Recorded data: Begin

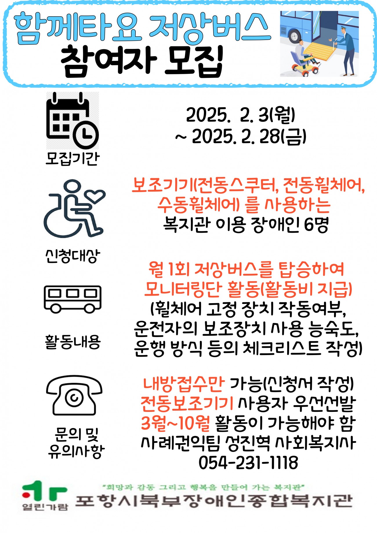 함께타요 저상버스 참여자 모집 최고관리자 0 222 2025.02.03 17:25 신청기간 : 2025.02. 03(월) ~ 2025. 02. 28(금)신청대상 : 보조기기(전동스쿠터, 전동휠체어, 수동휠체어)를 사용하는 복지관 이용장애인6명활동내용 : 월1회 저상버스를 탑승하여 모니터링단 활동(활동비 지급)(휠체어 고정 장치 작동여부, 운전자의 보조장치 사용 능숙도, 운행 방식 등의 체크리스트 작성)문의 및 유의사항 : 내방접수만 가능(신청서작성), 전동보조기기 사용자 우선선발, 3월~10월 활동이 가능해야함사례권익팀 성진혁 사회복지사 054-231-1118
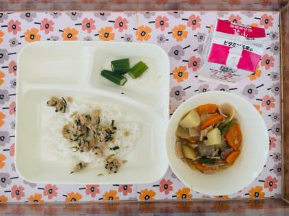 7/5の給食は「ぶたにくとじゃがいものにもの、オクラのうめふうみ、ツナっぱいため、ごはん、牛乳」でした。
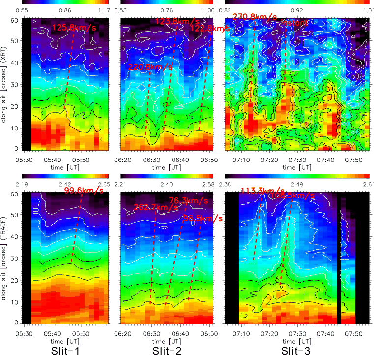 (75-150 km s-1) close to the coronal sound speed, were supposed to be

Recorded data: End

> Exercise brief:
Word for word, print the material above, but without its pictures.

> Task solution:
 함께타요 저상버스 참여자 모집 최고관리자 0 222 2025.02.03 17:25 신청기간 : 2025.02. 03(월) ~ 2025. 02. 28(금)신청대상 : 보조기기(전동스쿠터, 전동휠체어, 수동휠체어)를 사용하는 복지관 이용장애인6명활동내용 : 월1회 저상버스를 탑승하여 모니터링단 활동(활동비 지급)(휠체어 고정 장치 작동여부, 운전자의 보조장치 사용 능숙도, 운행 방식 등의 체크리스트 작성)문의 및 유의사항 : 내방접수만 가능(신청서작성), 전동보조기기 사용자 우선선발, 3월~10월 활동이 가능해야함사례권익팀 성진혁 사회복지사 054-231-1118
 7/5の給食は「ぶたにくとじゃがいものにもの、オクラのうめふうみ、ツナっぱいため、ごはん、牛乳」でした。
 (75-150 km s-1) close to the coronal sound speed, were supposed to be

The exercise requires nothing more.